■ **PROBLEM REQUIREMENTS**
The output should contain the listing word for word and no pictures.

■ **RECORDED DATA**

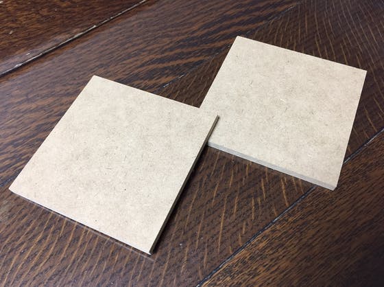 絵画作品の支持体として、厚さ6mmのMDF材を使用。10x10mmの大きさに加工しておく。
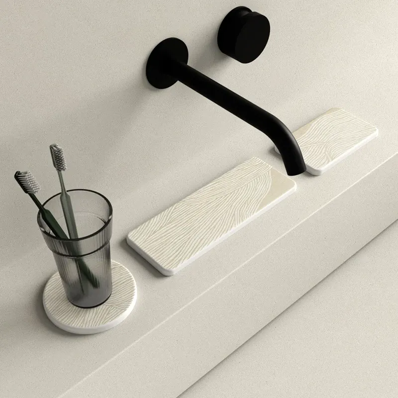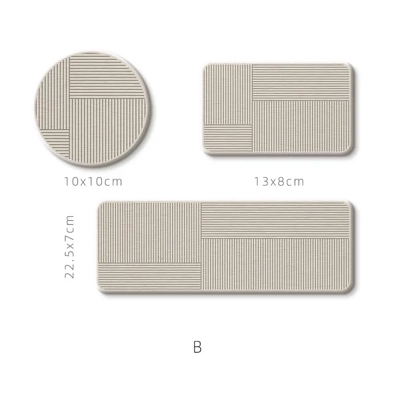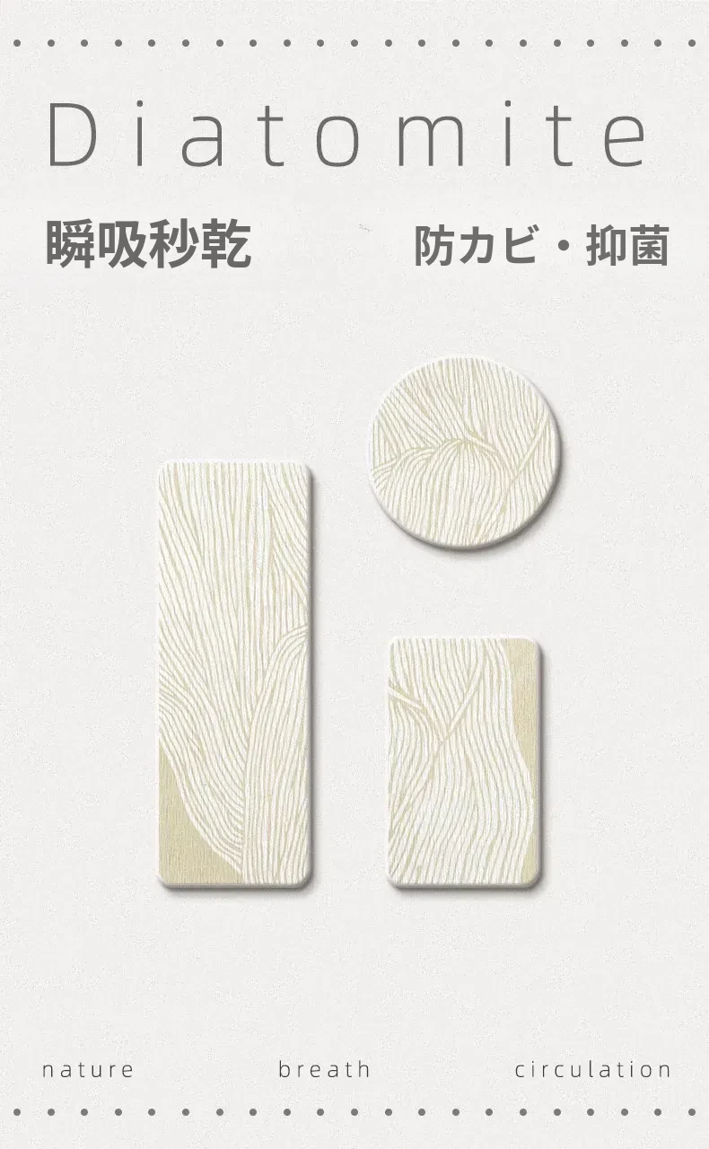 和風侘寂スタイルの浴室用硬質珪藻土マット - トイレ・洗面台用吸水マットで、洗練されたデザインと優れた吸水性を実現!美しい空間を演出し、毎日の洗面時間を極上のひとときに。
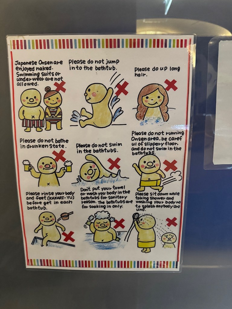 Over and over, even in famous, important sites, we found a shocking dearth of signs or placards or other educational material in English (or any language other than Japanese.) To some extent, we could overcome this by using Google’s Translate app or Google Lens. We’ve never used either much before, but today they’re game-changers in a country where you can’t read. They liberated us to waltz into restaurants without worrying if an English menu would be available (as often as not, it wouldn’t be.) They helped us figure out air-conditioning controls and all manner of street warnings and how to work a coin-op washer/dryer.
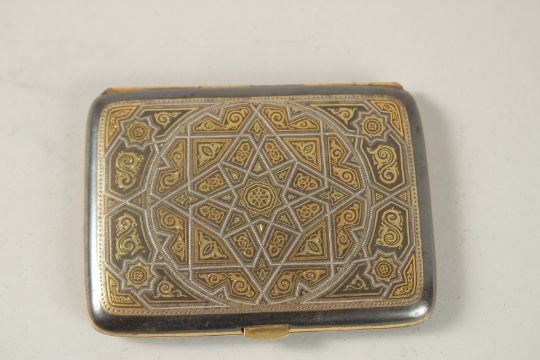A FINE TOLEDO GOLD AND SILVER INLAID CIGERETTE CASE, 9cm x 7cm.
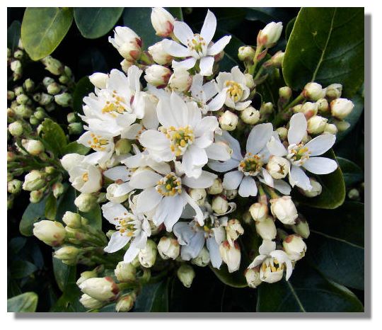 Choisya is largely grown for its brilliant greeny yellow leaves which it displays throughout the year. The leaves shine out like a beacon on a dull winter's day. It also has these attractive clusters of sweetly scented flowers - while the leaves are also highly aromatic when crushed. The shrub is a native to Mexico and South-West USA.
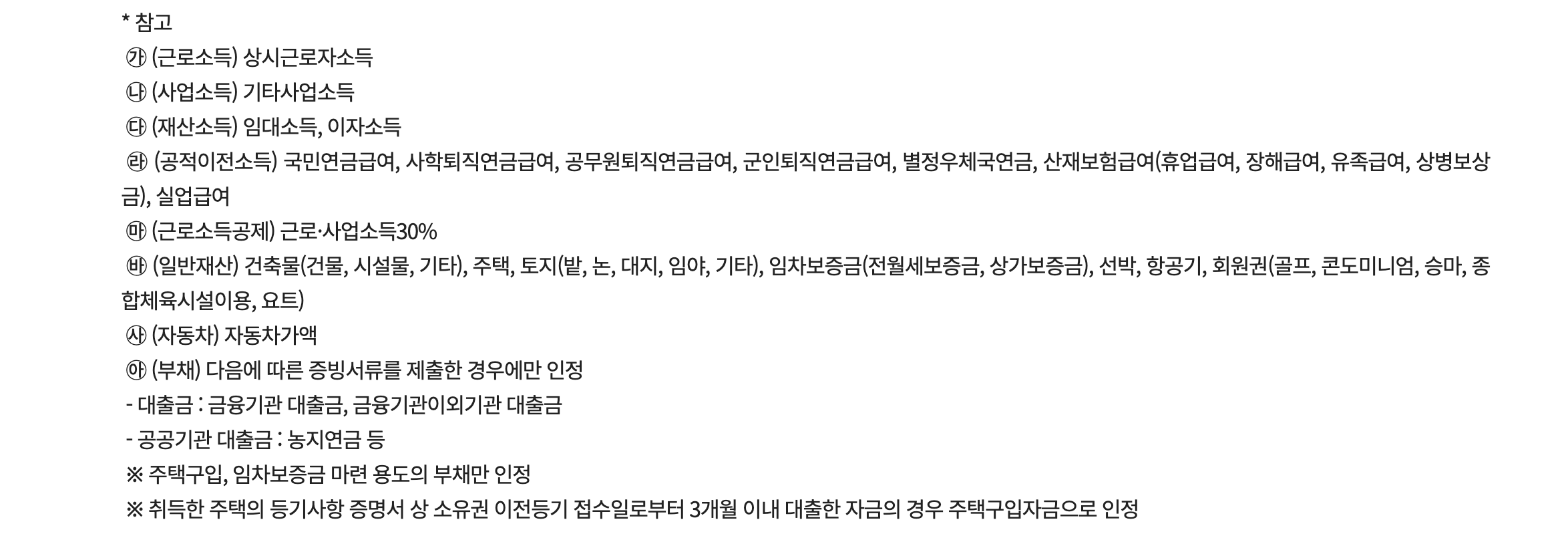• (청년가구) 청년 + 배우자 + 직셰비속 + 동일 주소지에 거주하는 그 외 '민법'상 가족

■ **OUTPUT FOR THIS EXERCISE**
 絵画作品の支持体として、厚さ6mmのMDF材を使用。10x10mmの大きさに加工しておく。
 和風侘寂スタイルの浴室用硬質珪藻土マット - トイレ・洗面台用吸水マットで、洗練されたデザインと優れた吸水性を実現!美しい空間を演出し、毎日の洗面時間を極上のひとときに。
 Over and over, even in famous, important sites, we found a shocking dearth of signs or placards or other educational material in English (or any language other than Japanese.) To some extent, we could overcome this by using Google’s Translate app or Google Lens. We’ve never used either much before, but today they’re game-changers in a country where you can’t read. They liberated us to waltz into restaurants without worrying if an English menu would be available (as often as not, it wouldn’t be.) They helped us figure out air-conditioning controls and all manner of street warnings and how to work a coin-op washer/dryer.
A FINE TOLEDO GOLD AND SILVER INLAID CIGERETTE CASE, 9cm x 7cm.
 Choisya is largely grown for its brilliant greeny yellow leaves which it displays throughout the year. The leaves shine out like a beacon on a dull winter's day. It also has these attractive clusters of sweetly scented flowers - while the leaves are also highly aromatic when crushed. The shrub is a native to Mexico and South-West USA.
• (청년가구) 청년 + 배우자 + 직셰비속 + 동일 주소지에 거주하는 그 외 '민법'상 가족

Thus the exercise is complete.